Proof: gcd(i,n)==p. Let i=k*p,n=m*p.
Then gcd(k,m)=1, that is, k and m are relatively prime, and the number of i that satisfies the condition is required to find the number of k corresponding to i, that is, to find the Euler function of m, m= n/p, so the number of i that satisfies the condition is Φ(m)=Φ(n/p).

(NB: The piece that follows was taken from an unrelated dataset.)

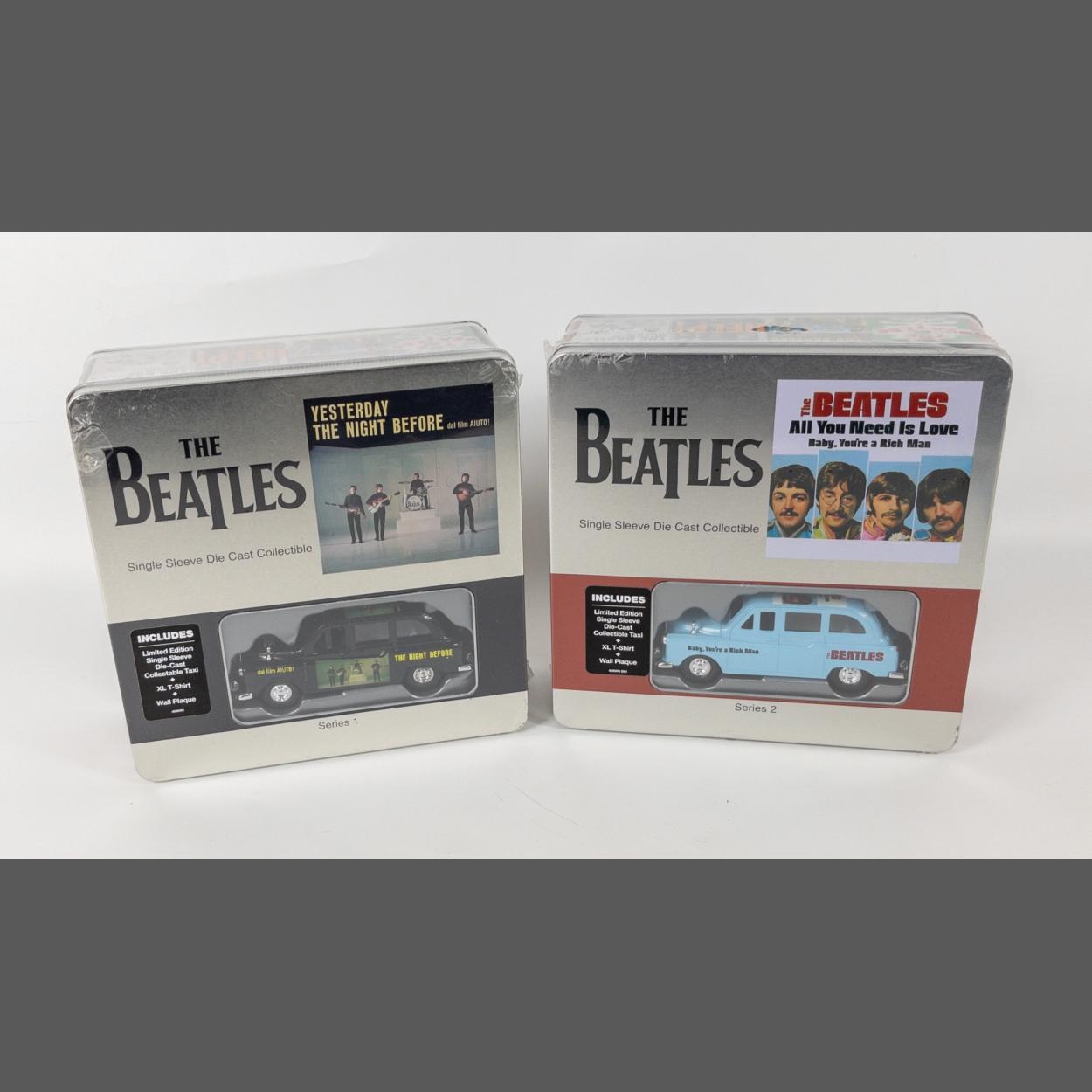THE BEATLES single sleeve die cast collectible Series 1 tin with a limited edition black London cab with ITALIAN decal - dal film aiuto for the film 'Help!', also an XL t-shirt, wall plaque, still shrink-wrapped and a Series 2 single sleeve die cast collectible tin with a blue taxi cab with Baby, You're a Rich Man decal, also XL t-shirt, wall plaque still shrink-wrapped

Well, using this principle to find f(pi^ai) is to enumerate each divisor of pi^ai (in fact, pi^t, t<=ai), and then find gcd(i, pi^ai )== the number of i's satisfied by pi^t, so the number*pi^t is part of the required answer.
公式:
f(pi^ai)=Φ(pi^ai)+pi*Φ(pi^(ai-1))+pi^2*Φ(pi^(ai-2))+...+pi^ (ai-1)* Φ(pi)+pi^ai*Φ(1);
Here we can simplify the part of finding the Euler function, because there is only one divisor pi in f(pi^ai), so:
Φ(pi^ai)=pi^ai-pi^(ai-1)。
Proof: The number of positive integers less than pi^ai is p^ai - 1;
Among them, the positive integers that are not coprime to pi^ai are (pi*1,pi*2,...,pi*(pi^(ai-1)-1) ) total pi^(ai-1)-1 indivual.
∴
Φ(pi^ai)=pi^ai -1 -(pi^(ai-1)-1)=pi^ai-pi^(ai-1)。
After all, get organized: f (pi ^ ai) =
pi ^ ai * (1 + ai * (1-1 / pi)).
Therefore,
f (n) = n * (1 + a1 * (1-1 / p1)) * (1 + a2 * (1-1 / p2)) *. …… = n * π (ai * pi + pi) -ai) / pi ;
Problem solved! ! !
#include <cmath>
#include <cstdio>
#include <cstdlib>
#include <cstring>
#include <iostream>
#include <map>
#include <algorithm>
using namespace std;
#define pi acos(-1)
#define endl '\n'
#define srand() srand(time(0));
#define me(x,y) memset(x,y,sizeof(x));
#define foreach(it,a) for(__typeof((a).begin()) it=(a).begin();it!=(a).end();it++)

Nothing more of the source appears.